Identify the main subjects covered in a customer support ticket corpus.
Find content keywords in a blog draft to inform meta tags and heading structure.
Analyze competitive content to reverse-engineer the topic coverage strategy.
Tips
Extract keywords from competitor pages and compare with yours to find topical gaps before writing new content.
Use multi-word phrase extraction (bigrams, trigrams) in addition to single-word extraction to identify meaningful compound terms.
Filter out common function words (stopwords) to see only the content-bearing keywords that signal page topics.
Fun Facts
TF-IDF (Term Frequency–Inverse Document Frequency) was invented by Karen Spärck Jones in 1972 and remains the most widely used statistical measure for keyword extraction — embedded in Elasticsearch, Solr, and most search engines.
RAKE (Rapid Automatic Keyword Extraction), published in 2010, can extract key phrases from a document in milliseconds without a training corpus by using word co-occurrence and frequency statistics.

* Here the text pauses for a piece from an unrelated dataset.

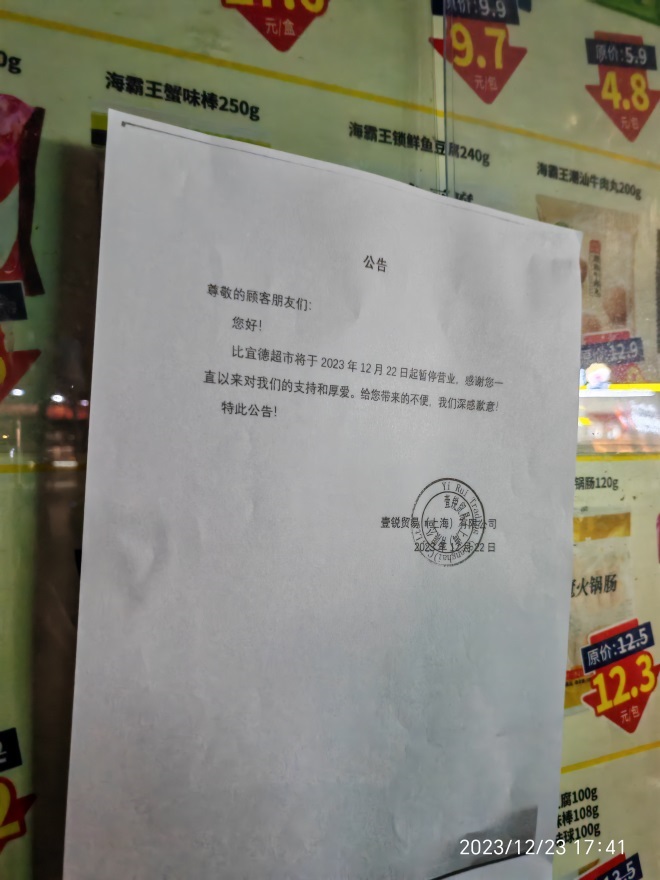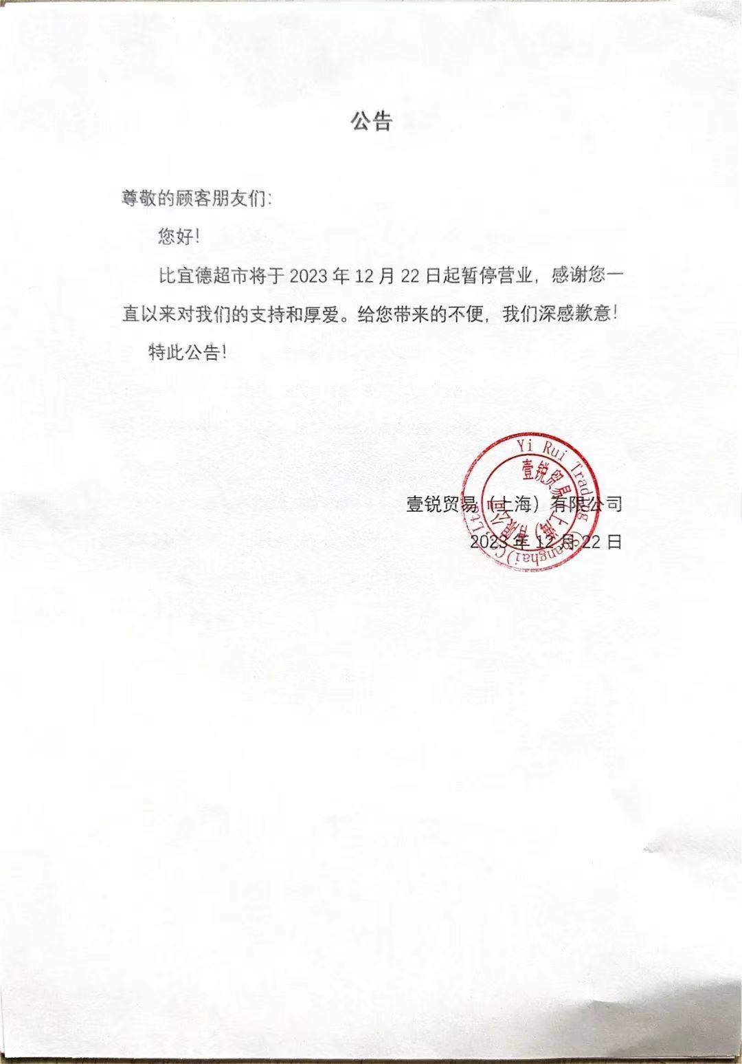12月23日消息,比宜德超市發(fā)布公告稱于2023年12月22日暫停營業(yè),毫無征兆,也暫無原因。

Google's BERT model (2018) shifted keyword analysis from term frequency toward semantic meaning — a page can rank for a keyword that never appears verbatim if the surrounding context is semantically relevant.
FAQ
What algorithm does it use?
TF-IDF for single-document keyword scoring and RAKE for multi-word phrase extraction. Both are configurable; the output shows each keyword's score and frequency.
Does it remove stopwords?
Yes — a built-in English stopword list removes common function words. Custom stopwords can be added; other languages use language-specific lists when the input language is detected.
Can it extract keywords from multiple documents?
Enter up to 5 documents and the tool finds keywords common to all (core topics) and unique to each (differentiating topics) — useful for content gap analysis.